The King and His Kingdom

God’s covenant with David in 2 Samuel 7 is part of a larger Exodus pattern in David’s life. In the Exodus, Moses and Israel escaped from Pharaoh and came to a wilderness place. They were attacked by Amalekites, but they defeated them. Jethro, the Gentile priest blessed them and then the covenant was established and instructions were given for building the tabernacle, which was built from the spoil of the defeated Egyptians. Just so, David escapes from the pharaoh-like Saul and comes to live temporarily in Ziklag outside the land, in Philistine territory. His people are attacked by Amalekites and he defeats them. Hiram, king of Tyre, blesses David and then God appears in a vision to establish His covenant with David and give instruction for building His house, which is built in large part with the spoil of David’s defeated enemies.

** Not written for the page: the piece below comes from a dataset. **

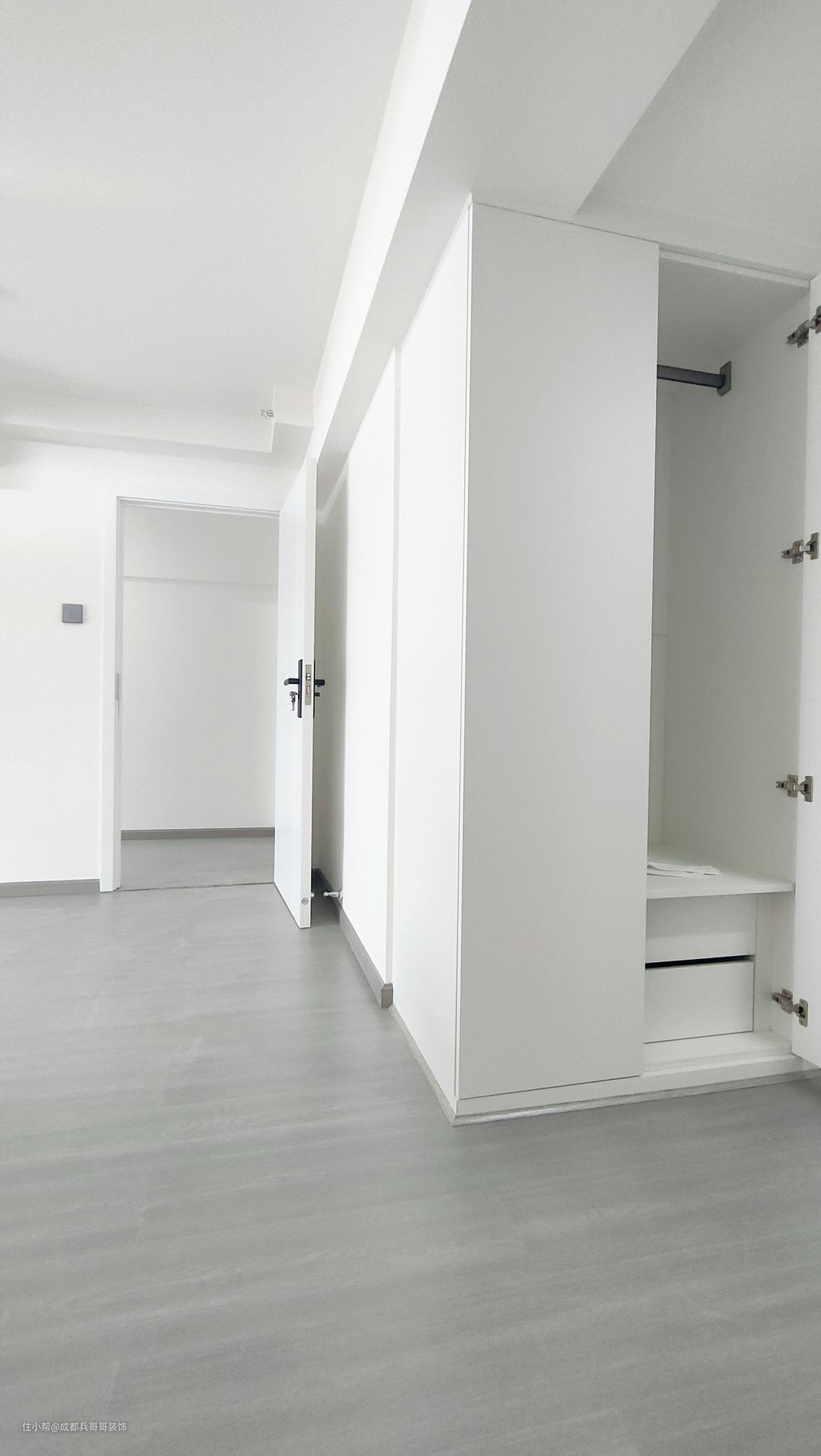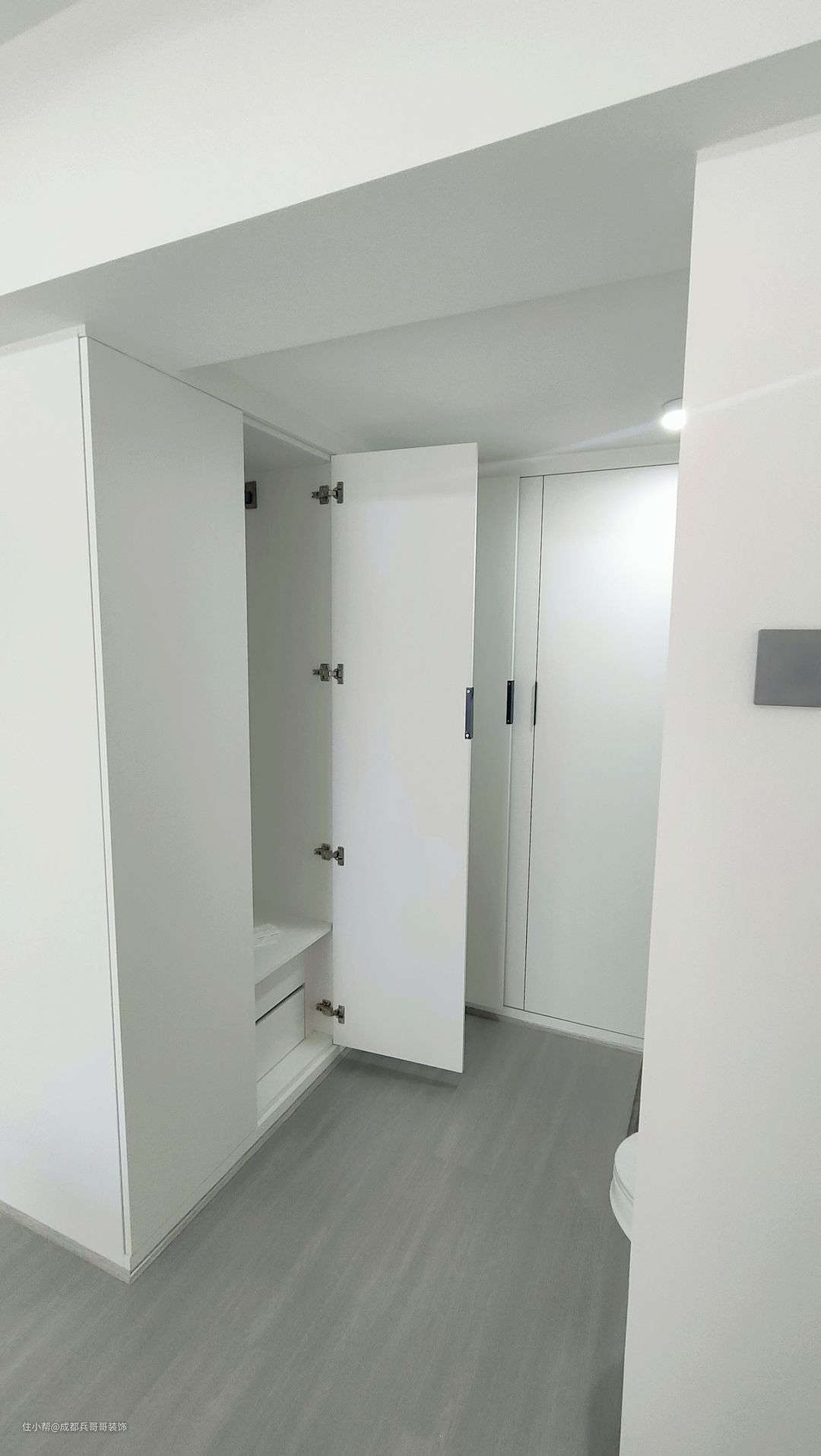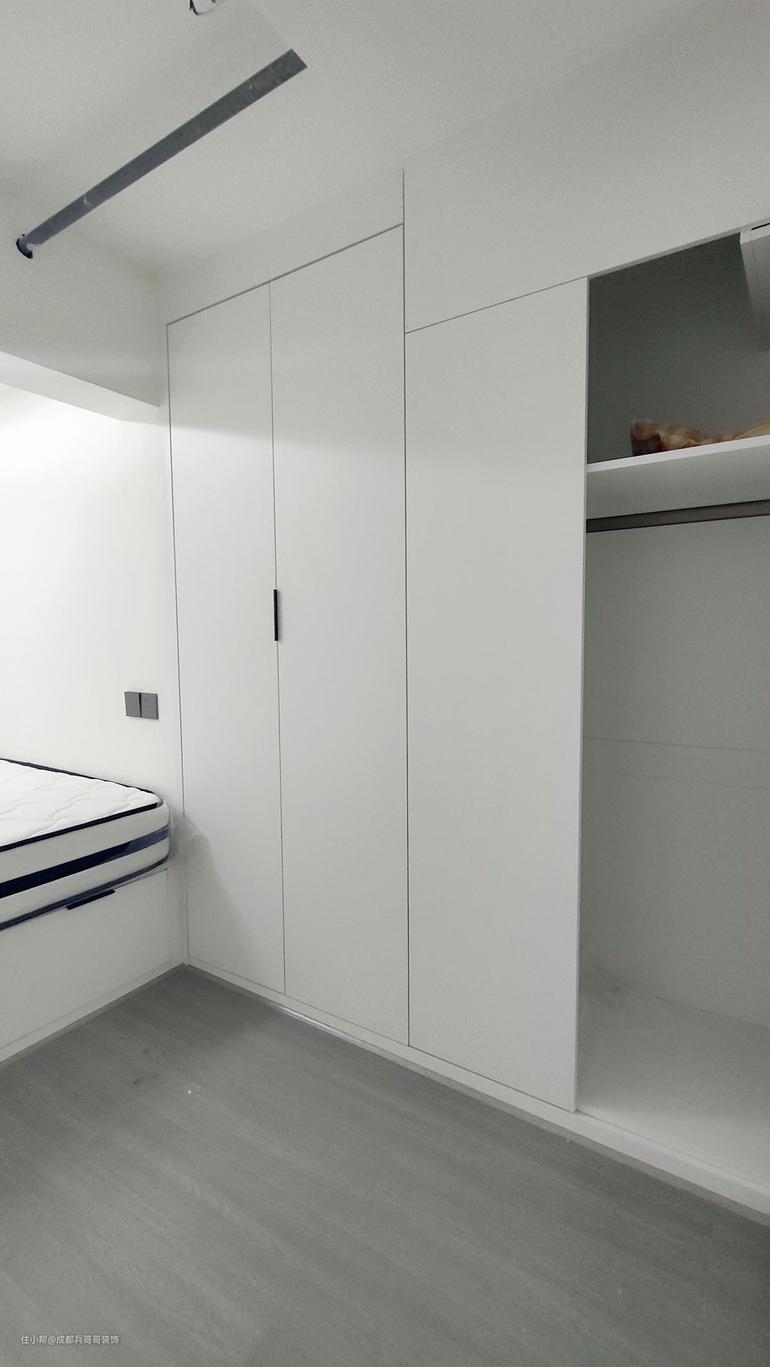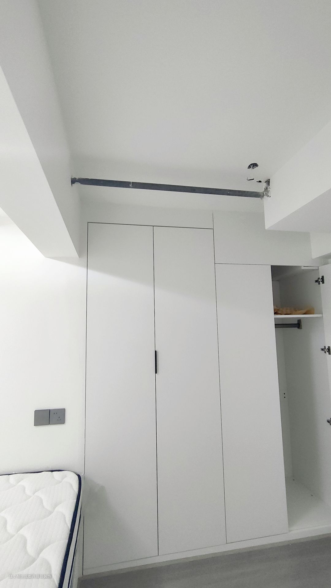 主卧衣帽间,小型L形通顶式衣柜,刻意储放四季衣物被褥,收纳空间足够。柜门简约白设计,与整体风格相呼应。

David is promised that his son would build the house of God and that his kingdom would be established forever. This covenant is initially fulfilled in Solomon, but, of course, pushes beyond to Christ who builds (and is building) the living Temple and whose kingdom has no end. Yahweh says, “I will be to him a father, and he shall be to me a son.” In Exodus 4, God called the people of Israel collectively His son, and so now Solomon is the son of God as the representative head, the embodiment of the corporate son of God. Likewise, Jesus Christ the Son is the head and complete embodiment of His corporate son-body, the Church.

Along these lines, Paul argues that those who are in Christ, that is, those who are in this corporate son-body under His headship, will be made alive in His resurrection, while those who remain in Adam will die. And he makes a big deal of the resurrection, going so far as saying, “if Christ has not been raised, your faith is futile and you are still in your sins.” Evangelical Christians place a heavy emphasis on the death of Christ, saying we must individually receive His death and payment on our behalf in order to be saved, but this is not what Paul says at all. We must be in Christ, members of His corporate body and partakers in His resurrection. In this is our hope and our salvation.

Further, the fact that Christ was raised from the dead bodily and sits at the right hand of the Father bodily demands that the kingdom of heaven is not a disembodied, spiritual realm, but a physical, incarnate, hands-on kingdom. It is a kingdom of eating and drinking, of singing, of speaking, and of doing. This is why Jesus taught us to pray, “Our Father in heaven, hallowed be your name. Your kingdom come, your will be done, on earth as it is in heaven.” It is here, and it is coming.